Salisbury, winner of 10 NCAA titles in 20 years, is back in the spotlight, having risen to No. 2 in the latest United States Intercollegiate Lacrosse Association poll, and a substantial amount of credit should go to the defense.

Anchored by senior goalkeeper Alex Taylor (6.12 goals-against average and .598 save percentage) and a pair of 2013 second-team All-Americans in senior defenseman Josh Martin and sophomore short-stick defensive midfielder Preston Dabbs, the unit has surrendered just 6.1 goals per game. Only one opponent has reached the 10-goal mark against Salisbury (7-0) thus far.


The program has featured stingier defenses, but coach Jim Berkman said the current unit is just as strong.

"We're not giving up that many goals," he said Tuesday morning. "We've got a great goalie, and it all starts there with an All-American-type of goalie. We've got three athletic, fast close guys that can all guard people. There's really no weakness down there. I think we've got outstanding D-middies, which is the key to any defense. We've got an All-American long-stick in [senior] Zeke Smith and a backup long-stick that takes the ball away probably better than Zeke does. So as a unit, it's a pretty good unit. But it's still early. It's only seven games into the season. It's definitely a good unit with a lot of experience, too."

The defense has also created its opportunities. The unit has caused 94 turnovers, which is the most in a season-opening, seven-game stretch since 2009 when that squad forced 99 takeaways.

Berkman said the defense's philosophy has remained the same, but said: "Maybe we're not overextending and guarding guys because the game has changed, the players have gotten better, the sticks are harder to get the ball out. So we're probably not guarding guys as tightly all over the field as we used to, but I think our basic slide packages and all of that kind of stuff are the same."

The Sea Gulls will test their defense against No. 7 Washington College, which has averaged 13.0 goals en route to a 5-0 record. Shoremen coach Jeff Shirk said Salisbury's close defensemen try to get into their opponents' heads with some talking and some stickwork, and it will be important for his attackmen to keep their emotions in check.
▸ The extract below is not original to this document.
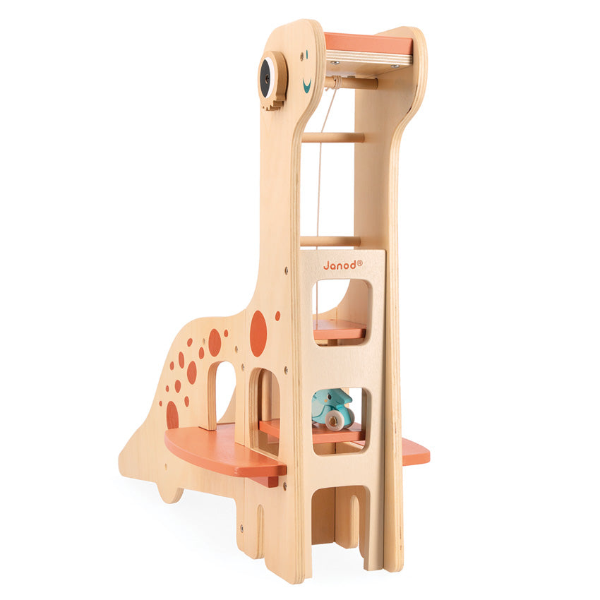 With this FSC wooden garage and dinosaur set, your child can use the 4 rolling dinosaurs to go off and explore, then bring them back to the garage to park and rest. The garage is equipped with a lift allowing direct access to the first and second floors. To get back down either use the internal ramp to slide them down, or the internal lift.

"It's one of those things where it's a confident group, it's an athletic group," Shirk said. "They take advantage of all their strengths, and there are a lot of offenses that step onto the field against Salisbury and experience that and are beat before the game ever really gets going. So I think the big thing we're stressing to our guys is, understand how they play and the approach they take. To me, it's as much a mental game as it is a physical game because I feel like we can match up physically. It's a matter of being prepared mentally for them because I've seen other teams that have played Salisbury fold from a mental aspect as soon as those guys have gotten into their heads. The approach we're taking is that they're a very good team and they're very athletic and we've got to be ready to go."